Segment Start: LISTED RECORDS

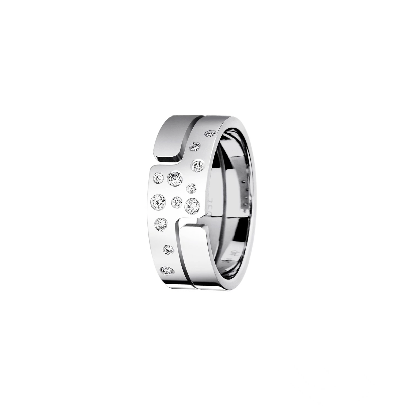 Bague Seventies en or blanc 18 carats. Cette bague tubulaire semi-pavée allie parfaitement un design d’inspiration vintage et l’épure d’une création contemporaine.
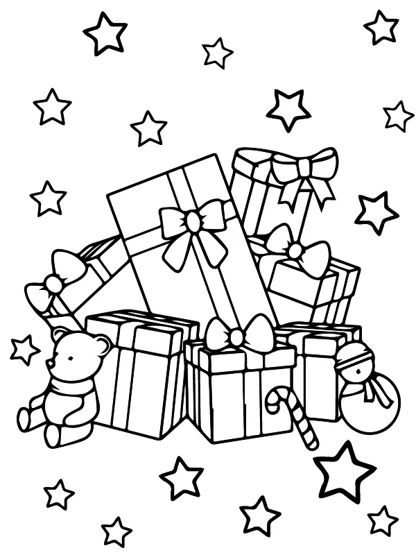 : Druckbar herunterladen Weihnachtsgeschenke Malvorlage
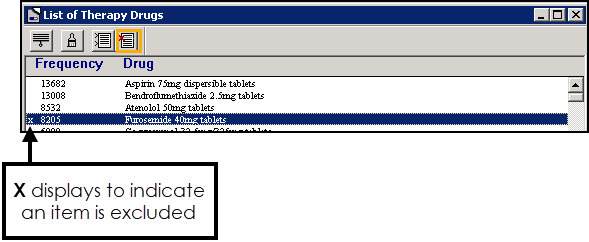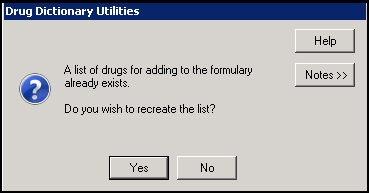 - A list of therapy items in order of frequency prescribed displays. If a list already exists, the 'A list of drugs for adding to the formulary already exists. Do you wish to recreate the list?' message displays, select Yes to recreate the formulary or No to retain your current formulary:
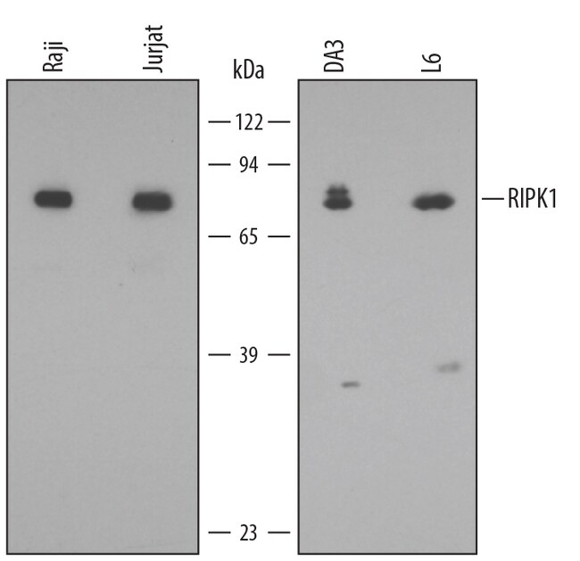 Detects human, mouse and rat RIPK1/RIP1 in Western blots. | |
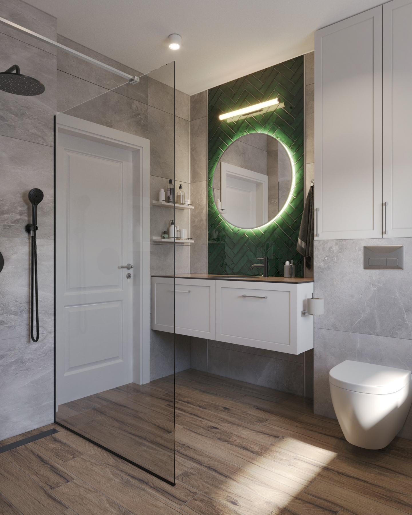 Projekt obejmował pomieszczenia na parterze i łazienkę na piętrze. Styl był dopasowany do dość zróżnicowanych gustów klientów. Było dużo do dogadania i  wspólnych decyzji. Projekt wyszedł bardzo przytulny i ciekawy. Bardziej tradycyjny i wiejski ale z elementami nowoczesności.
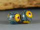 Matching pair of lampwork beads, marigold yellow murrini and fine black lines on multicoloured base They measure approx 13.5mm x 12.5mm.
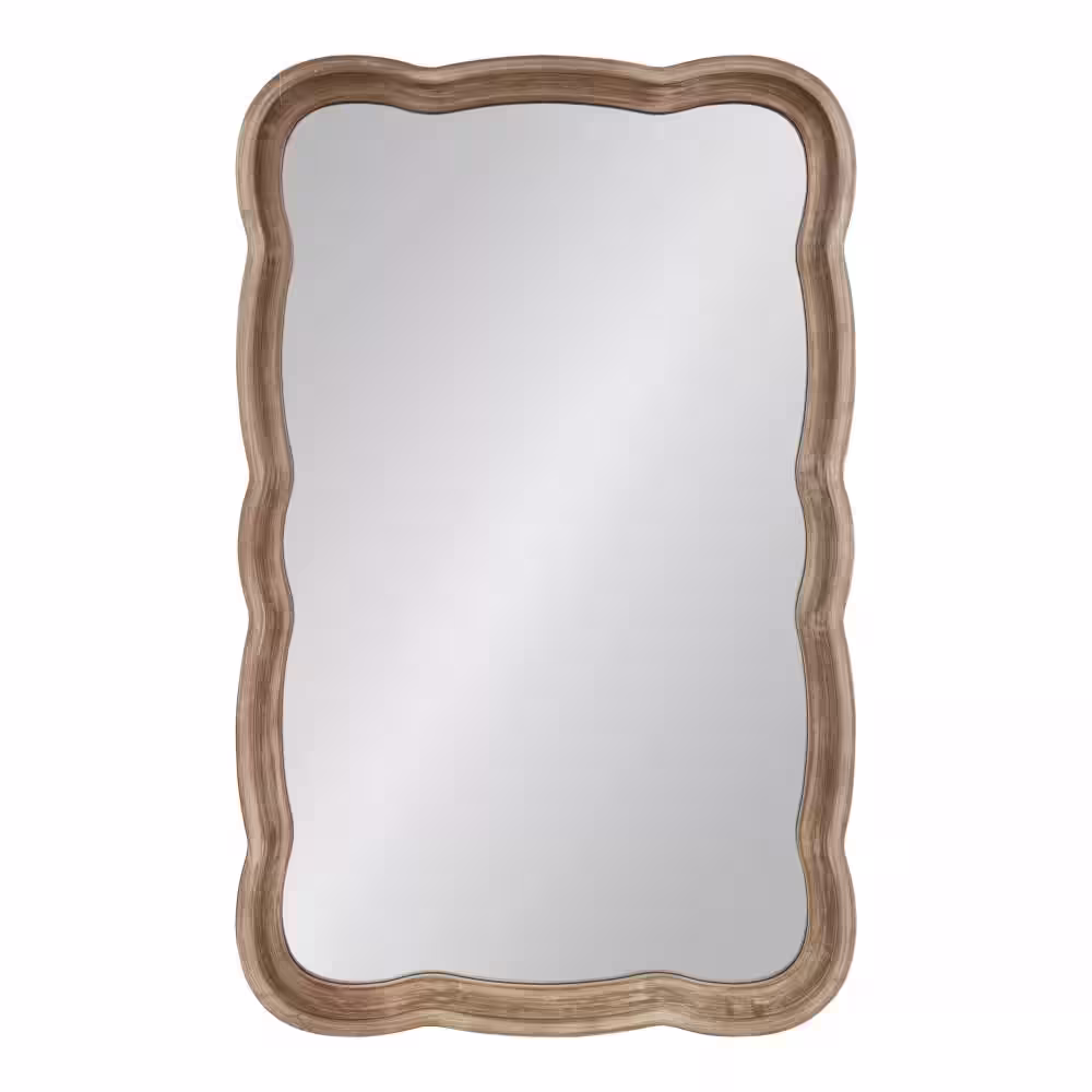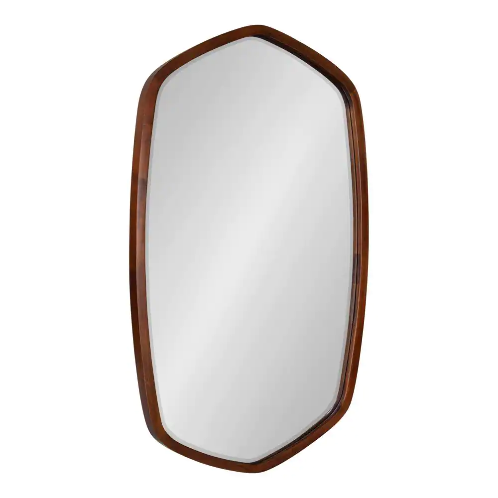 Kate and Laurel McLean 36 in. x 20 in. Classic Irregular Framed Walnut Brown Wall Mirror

Segment End: LISTED RECORDS

WHAT TO WORK ON » Transcribe the listing exactly. Its images are to be omitted.

SOLUTION »
 Bague Seventies en or blanc 18 carats. Cette bague tubulaire semi-pavée allie parfaitement un design d’inspiration vintage et l’épure d’une création contemporaine.
 : Druckbar herunterladen Weihnachtsgeschenke Malvorlage
 - A list of therapy items in order of frequency prescribed displays. If a list already exists, the 'A list of drugs for adding to the formulary already exists. Do you wish to recreate the list?' message displays, select Yes to recreate the formulary or No to retain your current formulary:
 Detects human, mouse and rat RIPK1/RIP1 in Western blots. | |
 Projekt obejmował pomieszczenia na parterze i łazienkę na piętrze. Styl był dopasowany do dość zróżnicowanych gustów klientów. Było dużo do dogadania i  wspólnych decyzji. Projekt wyszedł bardzo przytulny i ciekawy. Bardziej tradycyjny i wiejski ale z elementami nowoczesności.
 Matching pair of lampwork beads, marigold yellow murrini and fine black lines on multicoloured base They measure approx 13.5mm x 12.5mm.
 Kate and Laurel McLean 36 in. x 20 in. Classic Irregular Framed Walnut Brown Wall Mirror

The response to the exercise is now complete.